3. Storage & I/O Performance
Skill: get_shared_storage_stats
- Description: Shared storage I/O performance metrics (IOPS, throughput, latency).
- Usage:
./run_polardb_check.sh get_shared_storage_stats - Expected Output:
{ "skill": "get_shared_storage_stats", "status": "success", "data": [ { "read_iops": 5000, "write_iops": 2000, "read_throughput_mbps": 200, "write_throughput_mbps": 100, "read_latency_ms": 0.3, "write_latency_ms": 0.5 } ] } - Analysis: WARNING if latency >5ms, CRITICAL if >10ms.
Skill: get_polar_io_stats
- Description: Detailed I/O statistics from PolarDB-specific monitoring.
- Usage:
./run_polardb_check.sh get_polar_io_stats - Expected Output:
{ "skill": "get_polar_io_stats", "status": "success", "data": [ { "polarfs_read_count": 1000000, "polarfs_write_count": 500000, "polarfs_read_bytes": "50 GB", "polarfs_write_bytes": "25 GB", "polarfs_iops": 8000, "polarfs_throughput_mbps": 350 } ] } - Analysis: Detailed PolarFS I/O patterns.
Skill: get_dirty_page_status
- Description: Dirty page flush status and coordination with read-only nodes.
- Usage:
./run_polardb_check.sh get_dirty_page_status - Expected Output:
{ "skill": "get_dirty_page_status", "status": "success", "data": [ { "dirty_pages_count": 5000, "dirty_bytes_mb": 200, "flush_rate_pages_per_sec": 1000, "oldest_modified_age": 120 } ] } - Analysis: Monitors primary node dirty page flushing coordination.

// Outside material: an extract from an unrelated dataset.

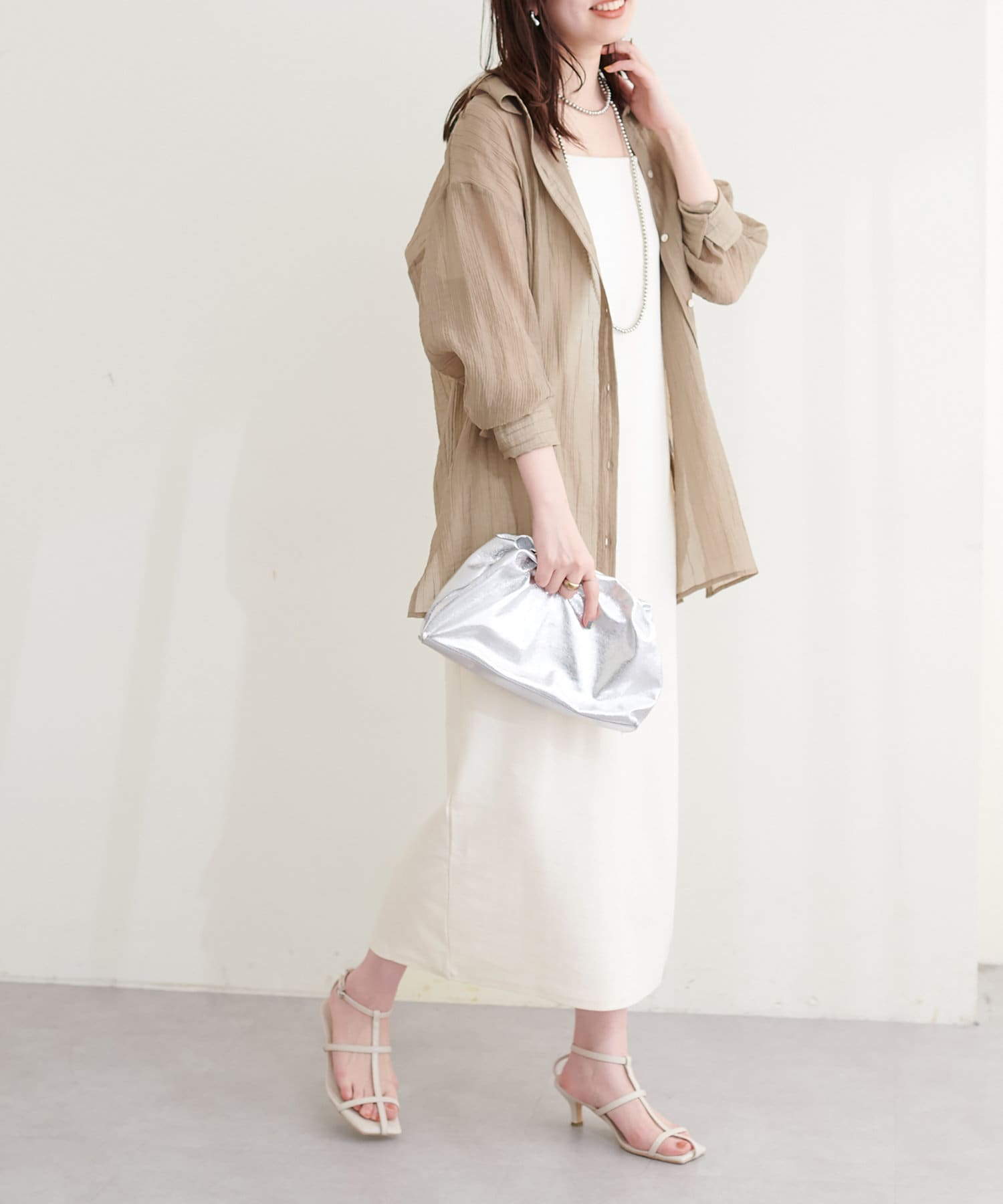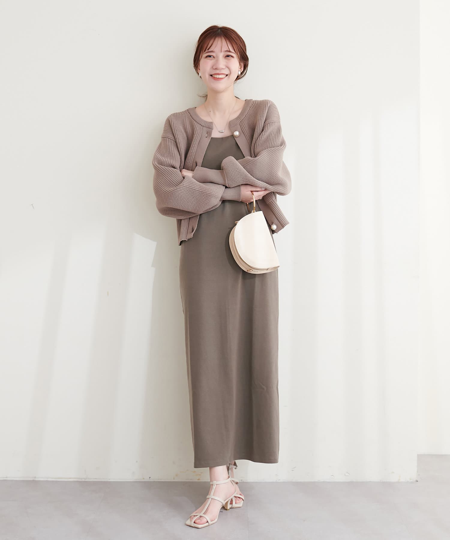 お手持ちのカーディガンやシャツワンピースとレイヤードしても◎

4. High Availability & Consistency
Skill: get_primary_readonly_sync
- Description: Synchronization status between primary and read-only nodes.
- Usage:
./run_polardb_check.sh get_primary_readonly_sync - Expected Output:
{ "skill": "get_primary_readonly_sync", "status": "success", "data": [ { "primary_node": "node_primary", "readonly_nodes": [ { "node_name": "node_readonly1", "sync_status": "streaming", "lag_bytes": 5242880, "lag_seconds": 1.5 } ] } ] } - Analysis: CRITICAL if any node not in streaming status.
Skill: get_online_promote_status
- Description: Checks readiness for online promotion capability.
- Usage:
./run_polardb_check.sh get_online_promote_status - Expected Output:
{ "skill": "get_online_promote_status", "status": "success", "data": [ { "promote_ready": true, "last_promote_time": "2024-01-15 10:30:00", "promote_in_progress": false } ] } - Analysis: Reports online promotion readiness.

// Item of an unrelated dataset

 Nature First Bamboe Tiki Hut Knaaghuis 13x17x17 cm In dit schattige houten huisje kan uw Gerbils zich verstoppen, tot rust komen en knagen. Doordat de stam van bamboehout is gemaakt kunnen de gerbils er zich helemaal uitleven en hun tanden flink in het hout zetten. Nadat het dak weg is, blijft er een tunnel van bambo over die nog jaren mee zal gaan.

Skill: get_recovery_progress
- Description: Recovery progress for read-only nodes (if applicable).
- Usage:
./run_polardb_check.sh get_recovery_progress - Expected Output:
{ "skill": "get_recovery_progress", "status": "success", "data": [ { "node_name": "node_readonly1", "received_lsn": "0/ABCDEF00", "replayed_lsn": "0/ABCDE800", "replay_lag_bytes": 256, "is_applying": true } ] } - Analysis: Monitors WAL replay progress.
5. PostgreSQL Compatibility Checks
The following skills are identical to the standard PostgreSQL daily check and work seamlessly with PolarDB.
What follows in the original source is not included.